Despite dozens of countries backing the opposition leader, Mr Maduro maintains the support of key economic allies including Cuba, Russia and China. The US is leading the international effort to pressure him, and has implemented a raft of financial sanctions against his government.

How did we get to this point?

The humanitarian aid stockpiled in Colombia and Brazil is at the centre of a standoff between Mr Maduro and Mr Guaidó that goes back to Mr Maduro’s 2018 re-election – a vote Mr Guaidó declared illegitimate.

For several years Venezuela has been in the grip of a political and economic crisis. An out-of-control inflation rate has seen prices soar, leaving many Venezuelans struggling to afford basic items.

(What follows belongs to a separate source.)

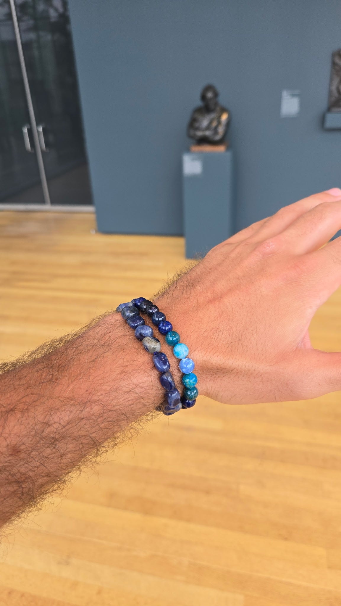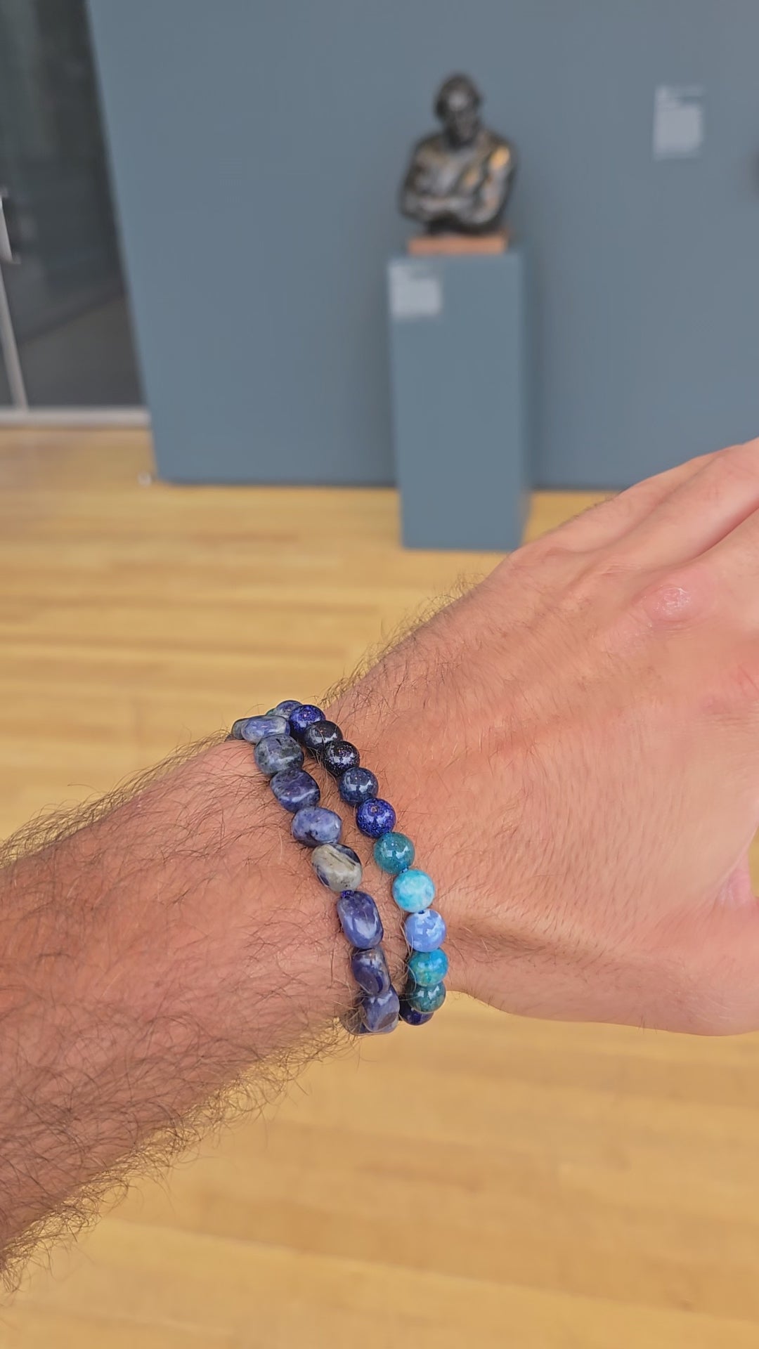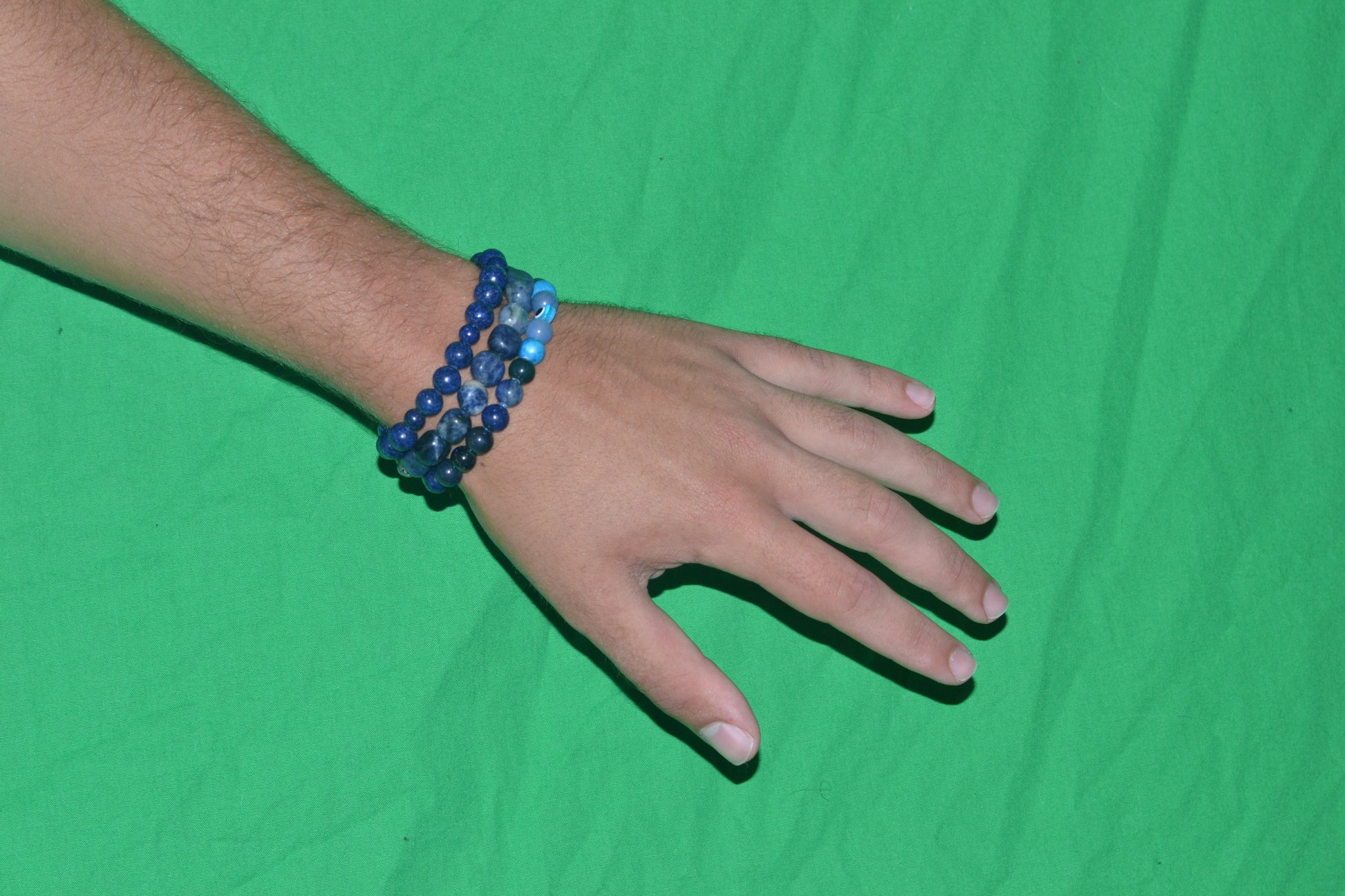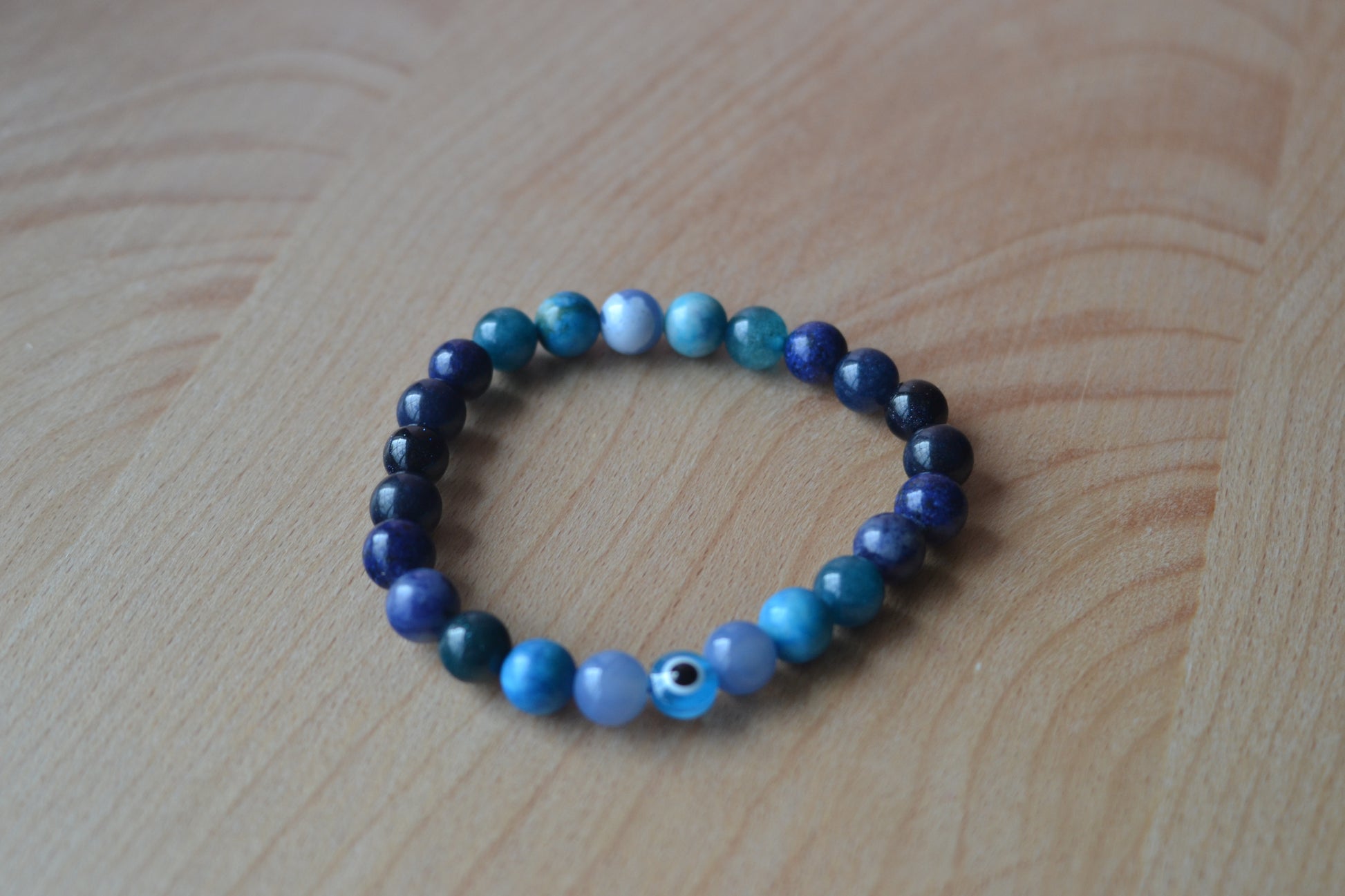This handcrafted bracelet is a powerful blend of 6mm blue gemstones and a central evil eye bead for protection and intuitive clarity. Featuring Blue Lace Agate, Sodalite, Jasper, Midnight Goldstone, Lapis Lazuli, Sapphire, and Aquamarine, this bracelet holds the energy of ocean depths, inner knowing, and calm confidence.

Mr Guaidó insists that citizens badly need help, while Mr Maduro argues that aid is a ploy by the US to invade the country. At least 2.7 million people have fled Venezuela since 2015.

How the story unfolded

14 April 2013
Nicolás Maduro is narrowly elected president of Venezuela after the death of long-serving socialist leader Hugo Chavez. The vote is marred by claims of fraud by the opposition.

18 February 2014
A wave of protests against Mr Maduro leads to the arrest of opposition leader Leopoldo Lopez, who remains under house arrest.

29 March 2017
Venezuela’s Supreme Court says it is taking control of the National Assembly, prompting months of anti-government protests that leave 100 dead. The Supreme Court reverses its decision.

17 July 2017
More than seven million Venezuelans vote in an opposition-organised referendum against Mr Maduro’s plans to create a new body with the power to control the National Assembly.

20 May 2018
Mr Maduro wins snap election. The two leading opposition candidates reject the results, saying the election was marred by vote-rigging.

8 November 2018
The UN announces that the number of refugees and migrants who have left Venezuela has passed three million. Venezuela’s economy is tanking, creating widespread food and medicine shortages.

10 January 2019
Mr Maduro is inaugurated as president. The little-known new leader of the National Assembly, Juan Guaidó, calls the president a “usurper”.

21 January 2019
As Venezuela’s economy continues to fail, a Caracas based charity says it has recorded at least 107 episodes of looting and several deaths across the country.

23 January 2019
Citing emergency powers, Mr Guaidó declares Mr Maduro’s leadership illegitimate and claims the presidency. He is recognised by the US and several Latin American countries, creating two rival claims to the office.

7 February 2019
Humanitarian aid arrives at the Colombian border with Venezuela, ready to enter the country, but Mr Maduro instructs the army to block the roads with oil tankers.